Goal of the exercise: This exercise requires an exact output of the listing, images omitted.

Supplied material:
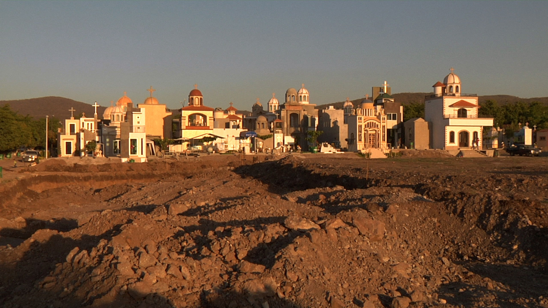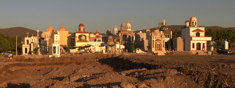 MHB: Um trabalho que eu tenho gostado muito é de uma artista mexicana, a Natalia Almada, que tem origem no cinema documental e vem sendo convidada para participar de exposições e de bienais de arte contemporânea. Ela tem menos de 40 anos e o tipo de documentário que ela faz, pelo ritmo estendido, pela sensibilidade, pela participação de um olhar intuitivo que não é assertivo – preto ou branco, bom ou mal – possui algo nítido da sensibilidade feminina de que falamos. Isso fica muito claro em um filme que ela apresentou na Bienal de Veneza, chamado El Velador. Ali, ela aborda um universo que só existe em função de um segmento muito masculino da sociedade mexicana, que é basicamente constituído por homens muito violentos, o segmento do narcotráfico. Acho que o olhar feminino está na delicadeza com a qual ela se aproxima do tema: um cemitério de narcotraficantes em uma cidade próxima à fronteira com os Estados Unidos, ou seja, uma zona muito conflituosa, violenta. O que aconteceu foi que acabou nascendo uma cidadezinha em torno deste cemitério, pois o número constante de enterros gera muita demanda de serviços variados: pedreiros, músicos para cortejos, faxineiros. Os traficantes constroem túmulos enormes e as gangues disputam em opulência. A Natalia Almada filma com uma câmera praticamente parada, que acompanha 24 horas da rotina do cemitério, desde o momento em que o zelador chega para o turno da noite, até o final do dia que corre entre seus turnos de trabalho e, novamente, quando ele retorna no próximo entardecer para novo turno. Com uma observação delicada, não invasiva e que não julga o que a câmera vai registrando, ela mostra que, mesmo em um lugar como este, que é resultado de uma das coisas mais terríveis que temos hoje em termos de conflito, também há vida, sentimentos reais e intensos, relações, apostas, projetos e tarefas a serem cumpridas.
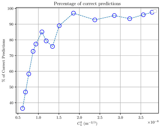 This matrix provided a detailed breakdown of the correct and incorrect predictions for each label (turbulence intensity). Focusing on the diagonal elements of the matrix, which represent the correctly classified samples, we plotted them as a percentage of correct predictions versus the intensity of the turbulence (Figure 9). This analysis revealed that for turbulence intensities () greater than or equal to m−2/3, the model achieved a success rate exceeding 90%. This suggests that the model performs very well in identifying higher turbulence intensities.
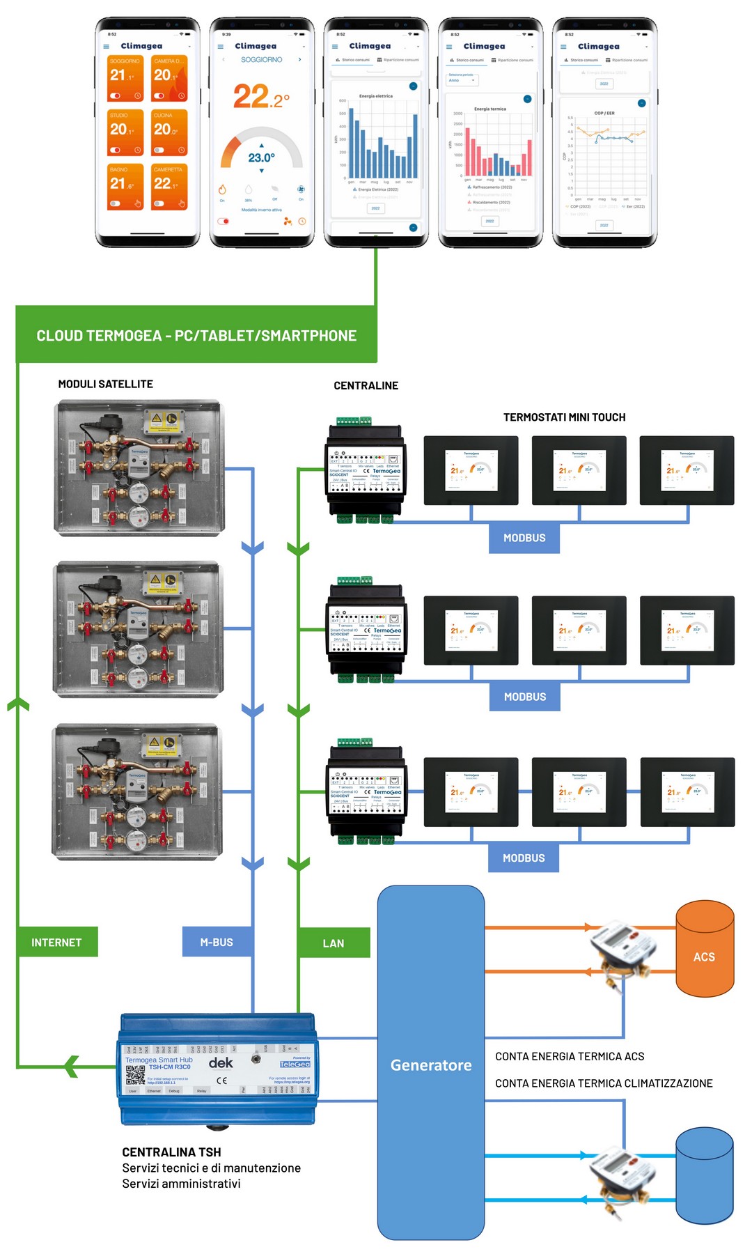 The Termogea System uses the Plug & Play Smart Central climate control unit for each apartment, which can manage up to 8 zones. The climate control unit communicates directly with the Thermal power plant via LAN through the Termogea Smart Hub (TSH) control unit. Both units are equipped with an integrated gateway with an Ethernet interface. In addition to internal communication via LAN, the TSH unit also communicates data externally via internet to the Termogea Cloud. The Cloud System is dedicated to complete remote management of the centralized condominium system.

Result of this exercise:
 MHB: Um trabalho que eu tenho gostado muito é de uma artista mexicana, a Natalia Almada, que tem origem no cinema documental e vem sendo convidada para participar de exposições e de bienais de arte contemporânea. Ela tem menos de 40 anos e o tipo de documentário que ela faz, pelo ritmo estendido, pela sensibilidade, pela participação de um olhar intuitivo que não é assertivo – preto ou branco, bom ou mal – possui algo nítido da sensibilidade feminina de que falamos. Isso fica muito claro em um filme que ela apresentou na Bienal de Veneza, chamado El Velador. Ali, ela aborda um universo que só existe em função de um segmento muito masculino da sociedade mexicana, que é basicamente constituído por homens muito violentos, o segmento do narcotráfico. Acho que o olhar feminino está na delicadeza com a qual ela se aproxima do tema: um cemitério de narcotraficantes em uma cidade próxima à fronteira com os Estados Unidos, ou seja, uma zona muito conflituosa, violenta. O que aconteceu foi que acabou nascendo uma cidadezinha em torno deste cemitério, pois o número constante de enterros gera muita demanda de serviços variados: pedreiros, músicos para cortejos, faxineiros. Os traficantes constroem túmulos enormes e as gangues disputam em opulência. A Natalia Almada filma com uma câmera praticamente parada, que acompanha 24 horas da rotina do cemitério, desde o momento em que o zelador chega para o turno da noite, até o final do dia que corre entre seus turnos de trabalho e, novamente, quando ele retorna no próximo entardecer para novo turno. Com uma observação delicada, não invasiva e que não julga o que a câmera vai registrando, ela mostra que, mesmo em um lugar como este, que é resultado de uma das coisas mais terríveis que temos hoje em termos de conflito, também há vida, sentimentos reais e intensos, relações, apostas, projetos e tarefas a serem cumpridas.
 This matrix provided a detailed breakdown of the correct and incorrect predictions for each label (turbulence intensity). Focusing on the diagonal elements of the matrix, which represent the correctly classified samples, we plotted them as a percentage of correct predictions versus the intensity of the turbulence (Figure 9). This analysis revealed that for turbulence intensities () greater than or equal to m−2/3, the model achieved a success rate exceeding 90%. This suggests that the model performs very well in identifying higher turbulence intensities.
 The Termogea System uses the Plug & Play Smart Central climate control unit for each apartment, which can manage up to 8 zones. The climate control unit communicates directly with the Thermal power plant via LAN through the Termogea Smart Hub (TSH) control unit. Both units are equipped with an integrated gateway with an Ethernet interface. In addition to internal communication via LAN, the TSH unit also communicates data externally via internet to the Termogea Cloud. The Cloud System is dedicated to complete remote management of the centralized condominium system.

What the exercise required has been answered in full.